### TASK OBJECTIVE
Nothing but the lines from the start of the entries below through the line containing "午前の応援合戦です。応援団は" should appear in the answer, copied exactly and free of pictures.

Dataset records:
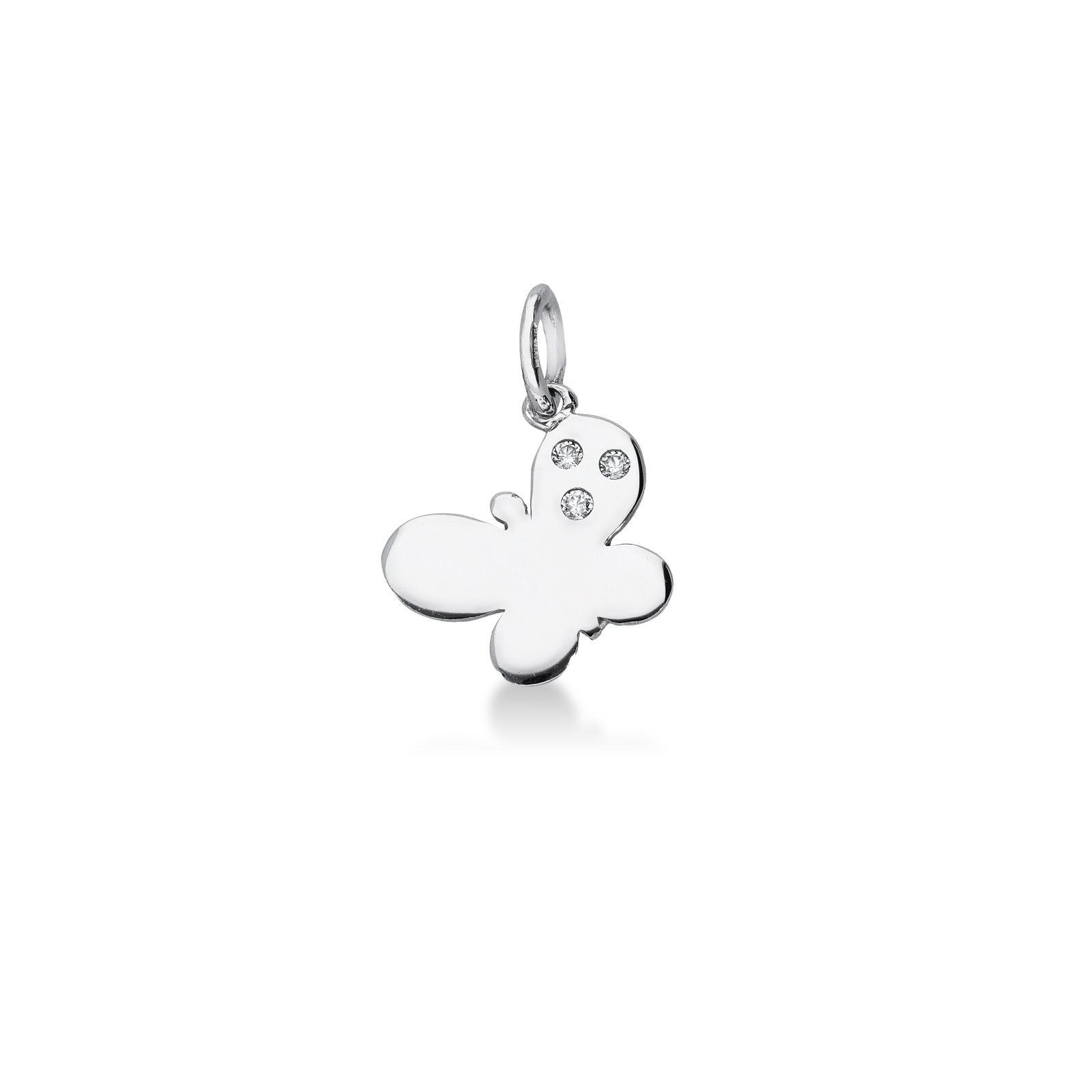 Colgante mariposa en oro blanco 750 con tres circonitas
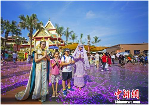 據(jù)介紹,方特東盟神畫(huà)讓游客不出國(guó)門(mén),一站式“打卡”東盟十國(guó)。其中,《相約下龍灣》以參觀越南郵票展的形式,游客通過(guò)無(wú)軌跡尋跡游覽車跟隨主角一起感受當(dāng)?shù)靥厣霞小⒚麆俟袍E;《塔鑾盛典》則運(yùn)用360度巨型環(huán)幕呈現(xiàn)了老撾象征千年塔鑾寺的建設(shè)歷程和歷史變遷;《千島之歌》主要以程控魔球、魔幻舞臺(tái)和經(jīng)典演藝等形式,為游客呈現(xiàn)印度尼西亞獨(dú)有的節(jié)慶文化和民俗風(fēng)情;《馬六甲勇士》通過(guò)大型漂流河道、水幕電影、海嘯災(zāi)難模擬、虛實(shí)場(chǎng)景相結(jié)合,為游客講述了馬來(lái)西亞民族英雄漢都亞大戰(zhàn)海盜的傳奇故事。
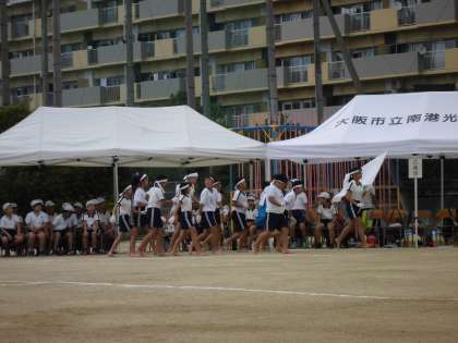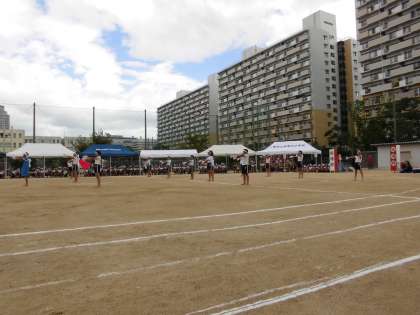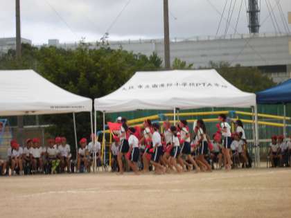 午前の応援合戦です。応援団は大きな声で盛りあげました。それにこたえて全学年児童も元気に応援をしていました。自分のチームが勝つように気持ちがこもっていました。
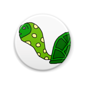 缶バッジ - 44mm"かめまる"の缶バッジです。チラッとこっちを見ています。
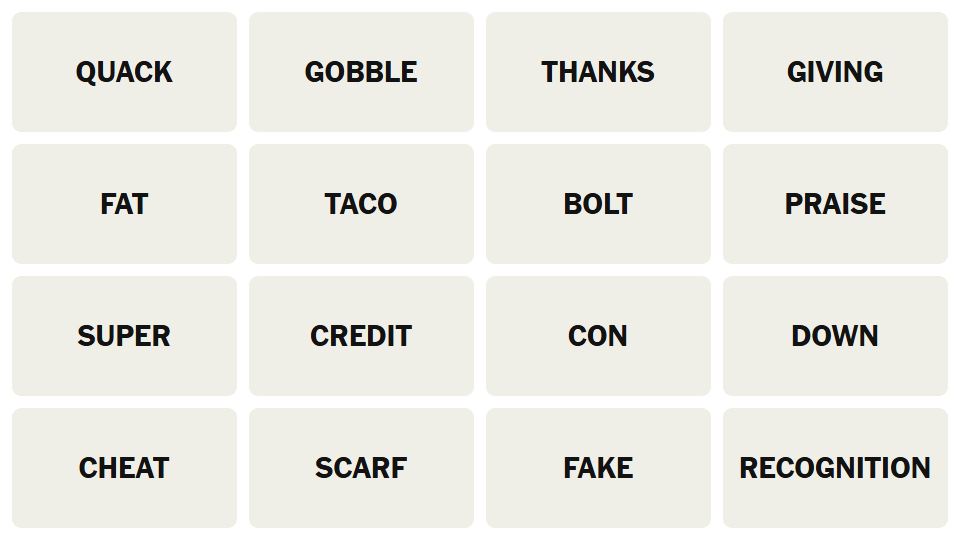 Here are the answers for the New York Times (NYT) Connections puzzle #536 today, released on November 28th, 2024, and some hints to help you solve them.
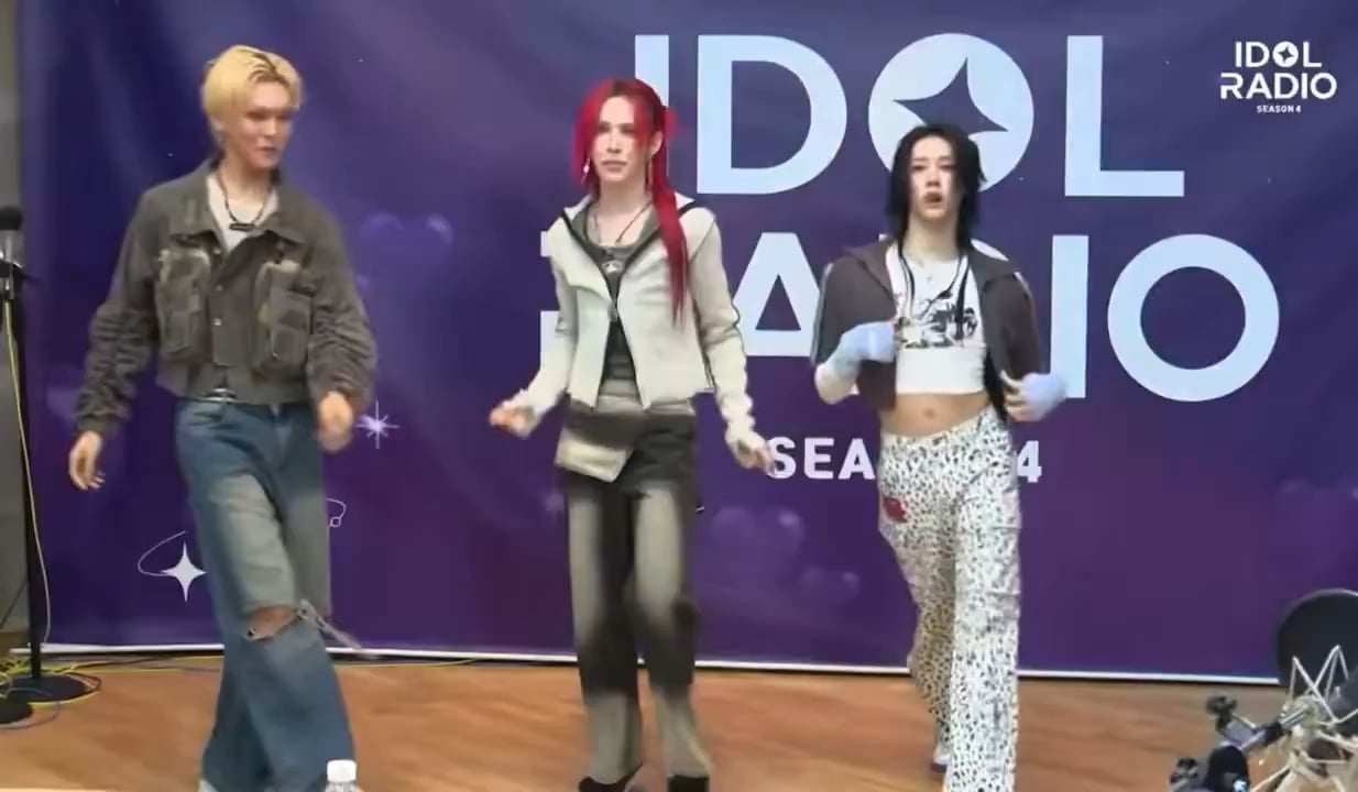 251217 إكسلوف ووموتي وروي وهيون يرقصون على السباغيتي من لو سيرافيم على راديو إم بي سي آيدول LE SSERAFIM LE SSERAFIM

### ANSWER BELOW
 Colgante mariposa en oro blanco 750 con tres circonitas
 據(jù)介紹,方特東盟神畫(huà)讓游客不出國(guó)門(mén),一站式“打卡”東盟十國(guó)。其中,《相約下龍灣》以參觀越南郵票展的形式,游客通過(guò)無(wú)軌跡尋跡游覽車跟隨主角一起感受當(dāng)?shù)靥厣霞小⒚麆俟袍E;《塔鑾盛典》則運(yùn)用360度巨型環(huán)幕呈現(xiàn)了老撾象征千年塔鑾寺的建設(shè)歷程和歷史變遷;《千島之歌》主要以程控魔球、魔幻舞臺(tái)和經(jīng)典演藝等形式,為游客呈現(xiàn)印度尼西亞獨(dú)有的節(jié)慶文化和民俗風(fēng)情;《馬六甲勇士》通過(guò)大型漂流河道、水幕電影、海嘯災(zāi)難模擬、虛實(shí)場(chǎng)景相結(jié)合,為游客講述了馬來(lái)西亞民族英雄漢都亞大戰(zhàn)海盜的傳奇故事。
 午前の応援合戦です。応援団は大きな声で盛りあげました。それにこたえて全学年児童も元気に応援をしていました。自分のチームが勝つように気持ちがこもっていました。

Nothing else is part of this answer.